● How to complete this task:
As soon as the line containing "Tu-144, jenž zdobí" appears, start repeating lines exactly and continue to the end of the entries; please skip pictures.

··· Task input ···

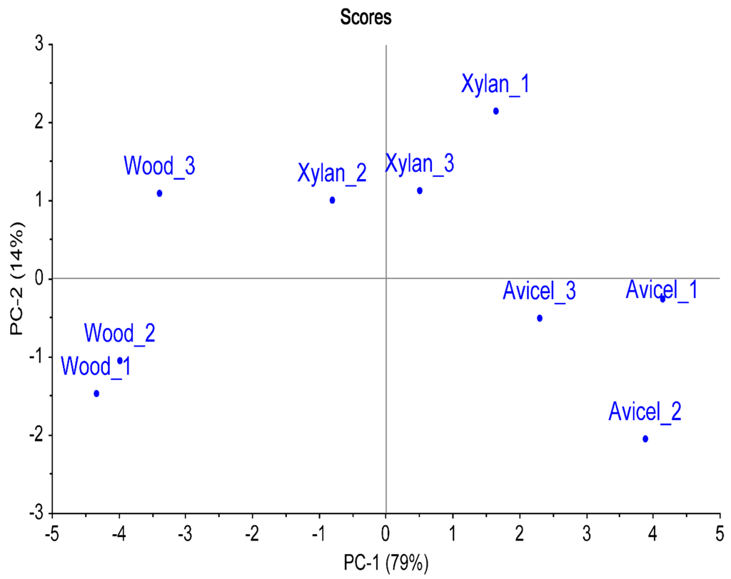 Samples of termites fed with wood, microcrystalline cellulose (Avicel) or xylan were analyzed and compared. Samples of five termite guts were collected in triplicate for each diet. Comparison of the multiple chromatograms was carried out towards the creation of a composite image and resulted in the highlight of 314 compounds compared in all the samples. These compounds were mainly amino acids, amines, sugars, sugar derivatives, and organic acids. It included metabolites involved in major pathways like tricarboxylic acid (TCA) cycle, purine metabolism and fermentation. Table 1 lists detected metabolites and compounds, based on their chemical structures. Retention times, peak volume and percent response data are available in supplementary information (Tables S1–S3). Only the compounds with a library match score identification >700 (or identified with standards), and not found in blank procedures were reported in the table. The principal component analysis (PCA) demonstrated a trend towards the separation of the samples related to the carbon source used by the termites (Figure 3). The first principal component (PC-1, 79%) covered a great part of the variation, separating the three different diets. The second principal component (PC-2, 14%) demonstrated a trend to separate the xylan diet from the wood and Avicel diets. This secondary separation could possibly reflect the influence of cellulose as a carbon source in the diet, as Avicel is a pure cellulose powder and cellulose is the main constituent of the wood (45%). The multivariate analysis demonstrated that the metabolite profile in the termite was dependent of the diet.
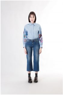 Super stretch canvas denim jeans with a culotte fit. loops at the waist five pockets logoed tack button and zip closure. label on the back with logo.
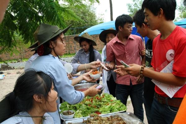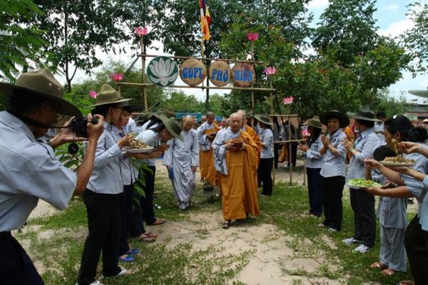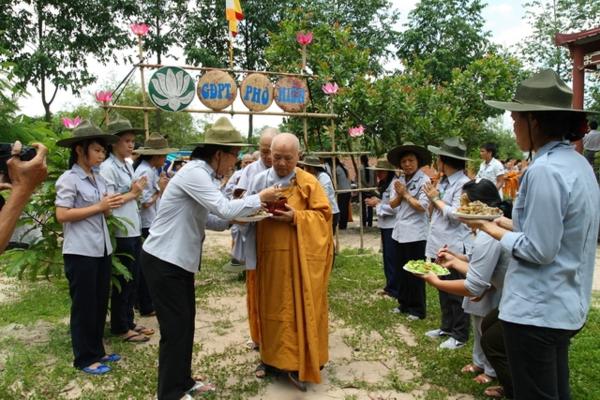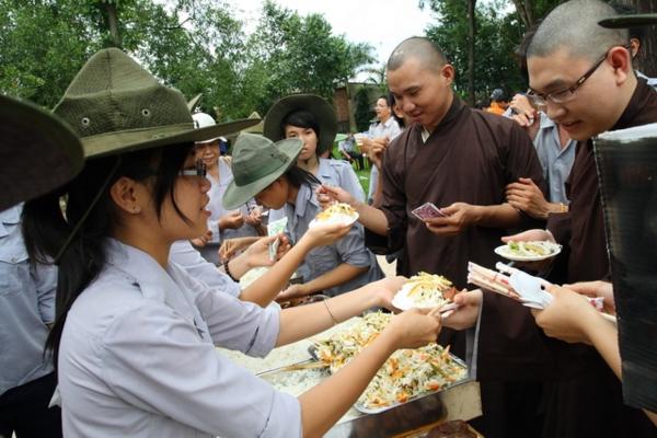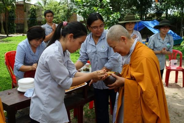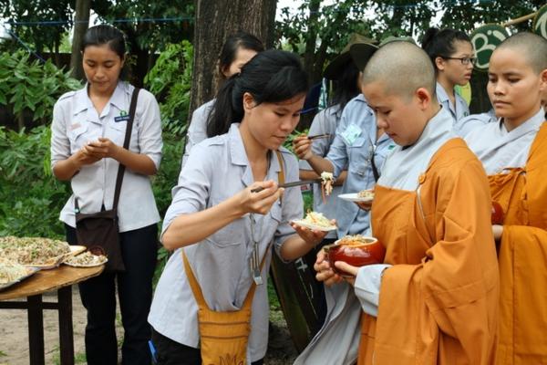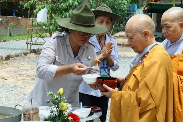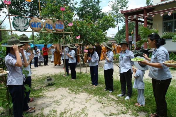 Phiên chợ quê hương được quý thầy cô trong BTC tái hiện lại khung cảnh đức Phật đi khất thực thuở xưa tại Ấn Độ. Các bạn trẻ là những vị đại thí chủ, sẽ dâng những món ăn sớt vào bát cho chư Tăng. Mục đích để các bạn trẻ gieo duyên lành với Phật, với Pháp, với chư Tăng. Phước báu từ sự cúng dường này mà ngày thêm tăng trưởng.
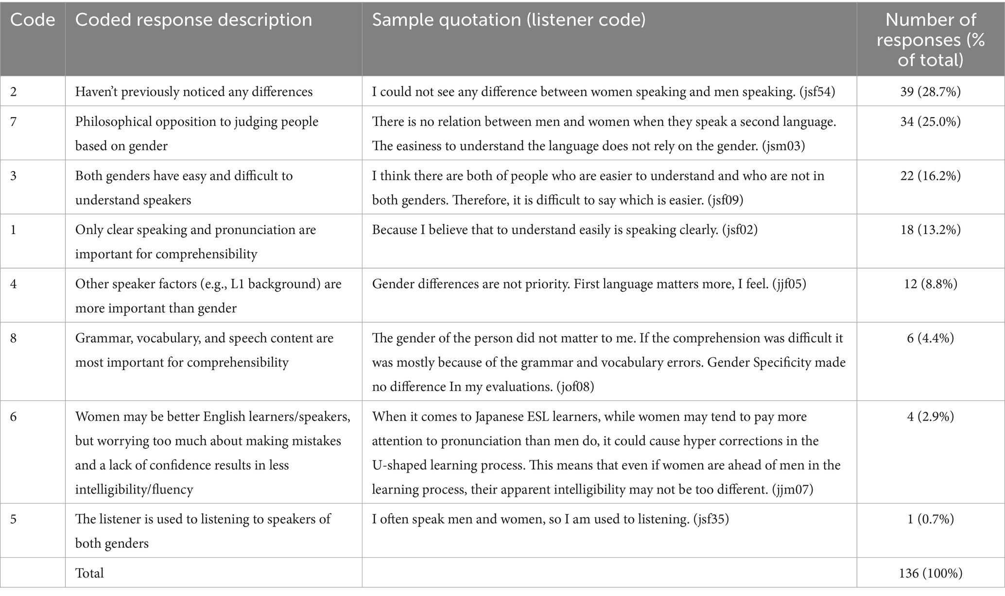 Table 6. Second-level coding of reasons for responses to the statement “men and women are equally easy to understand when speaking a second language”.
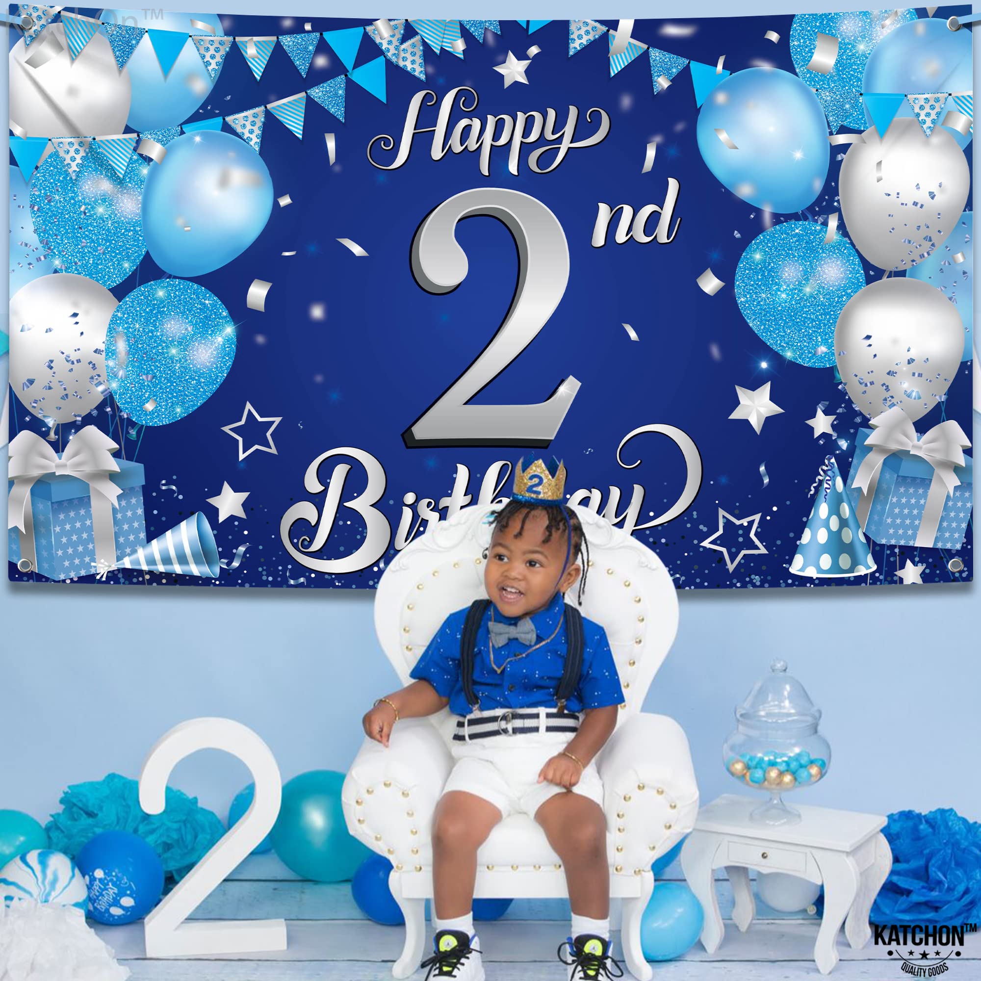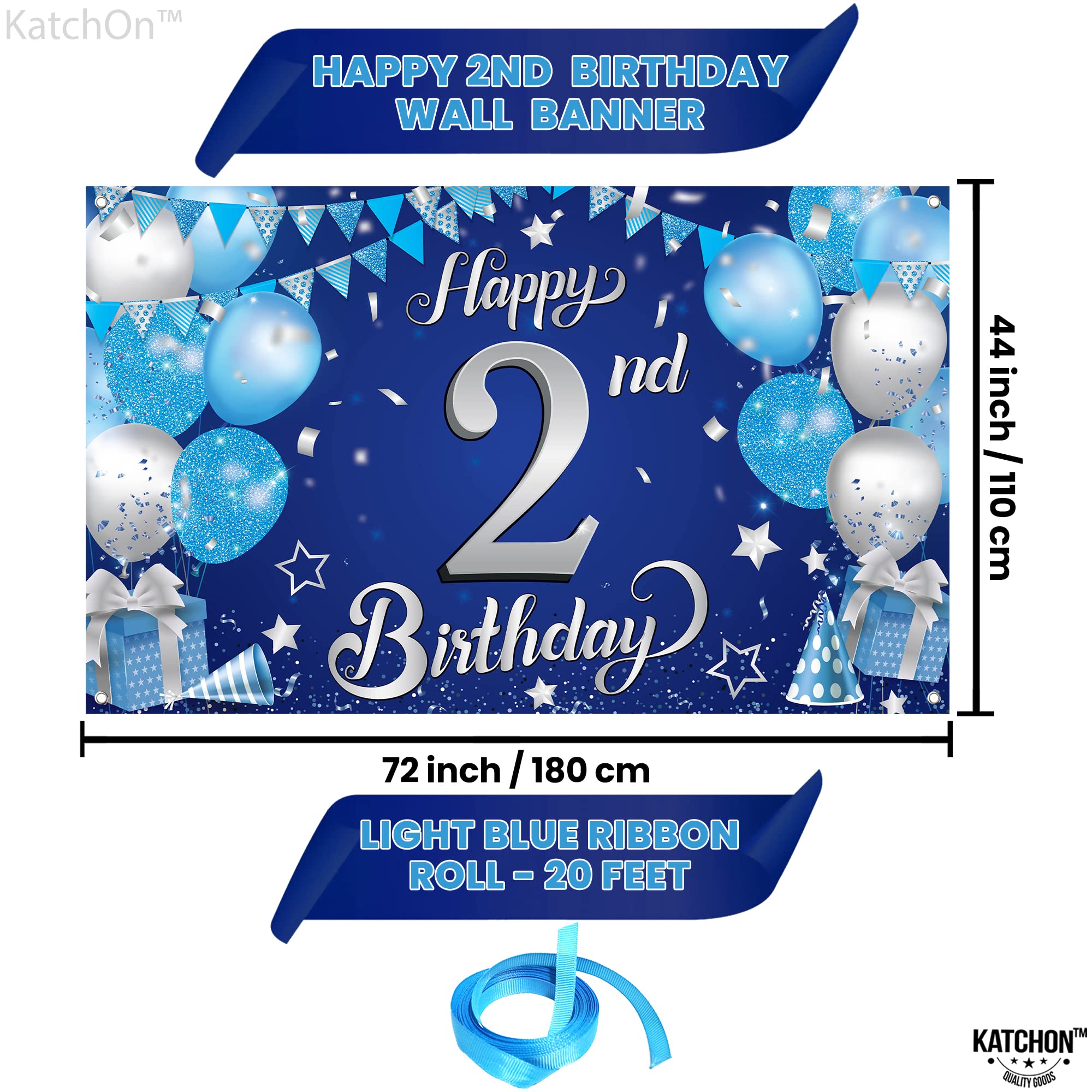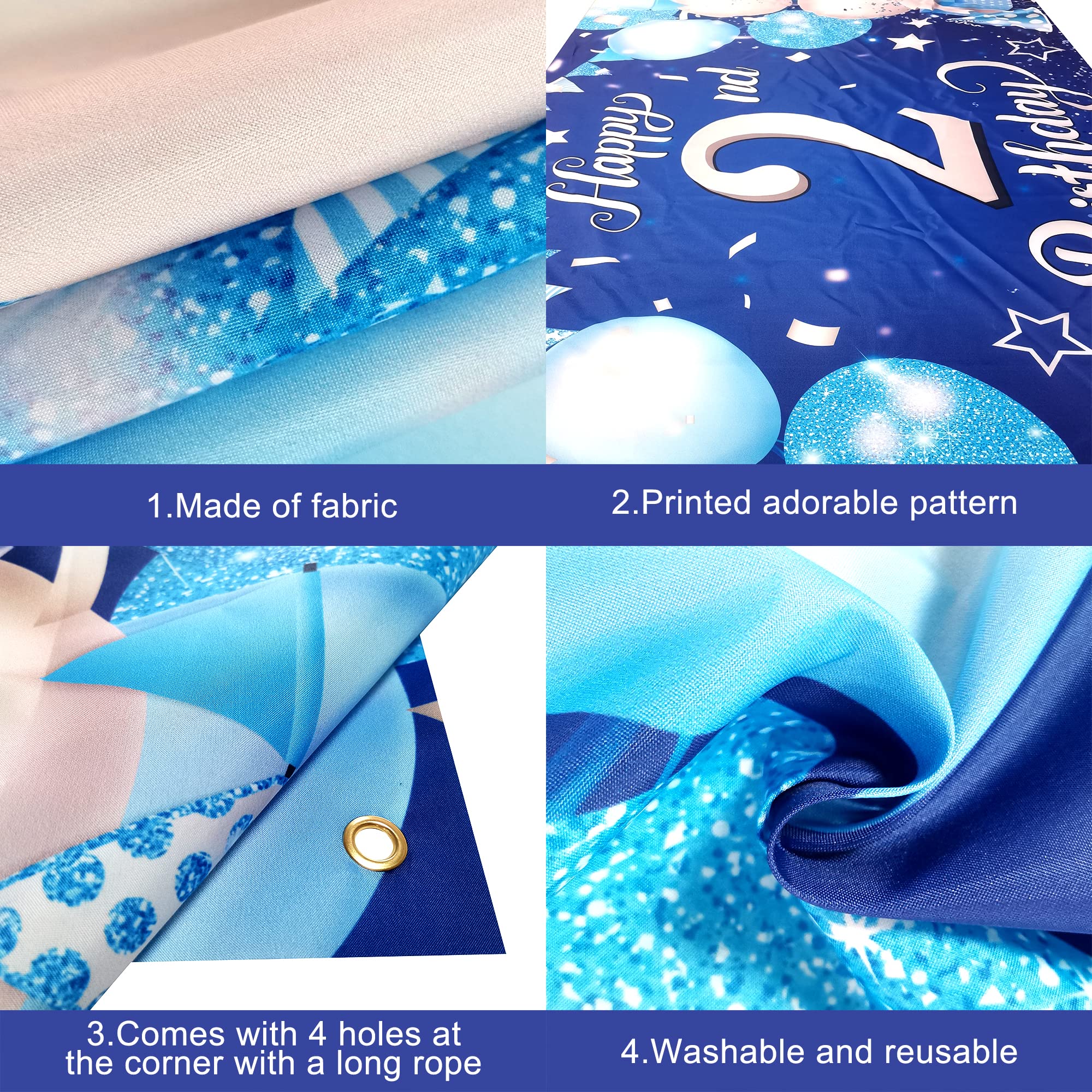 LARGE SIZE - 72 x 44 INCH | LUXURIOUS HAPPY BIRTHDAY BANNER : Celebrate your little one's 2 year birthday in style with our Happy 2nd Birthday Wall Banner. A alluring birthday banner backdrop quoting " Happy 2nd Birthday" featured with blue and Silver elements, printed with blue glittering balloons stars, Confetti, gifts that adds the beauty and make it noticeable leaving a deep impression on guests.
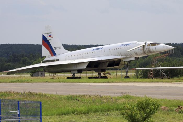 Tu-144, jenž zdobí příjezd k letišti Žukovskij, má číslo CCCP-77114 a pro přesun od Výzkumného ústavu M. M. Gromova, kde trávil svou penzi, ho museli podobně jako kunovičtí jejich Tu-154M "odstrojit". V tomto případě se jednalo především o demontáž křídel.
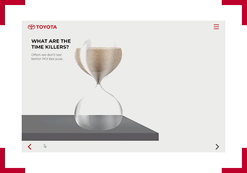 Designer notes: The aim of this interaction is to drag icons representing each time killers and dropping them on the specified area of the hour glass. With each drag and drop, the time capacity of the hour glass will progressively decrease. Once all dot points have been displayed, the hour glass will reach the end of it's time capacity.
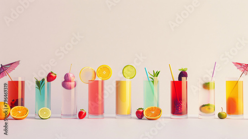 Mixology Canvas: Colorful Cocktail Ingredients in a Minimalist White Row

···

● Answer space:
 Tu-144, jenž zdobí příjezd k letišti Žukovskij, má číslo CCCP-77114 a pro přesun od Výzkumného ústavu M. M. Gromova, kde trávil svou penzi, ho museli podobně jako kunovičtí jejich Tu-154M "odstrojit". V tomto případě se jednalo především o demontáž křídel.
 Designer notes: The aim of this interaction is to drag icons representing each time killers and dropping them on the specified area of the hour glass. With each drag and drop, the time capacity of the hour glass will progressively decrease. Once all dot points have been displayed, the hour glass will reach the end of it's time capacity.
 Mixology Canvas: Colorful Cocktail Ingredients in a Minimalist White Row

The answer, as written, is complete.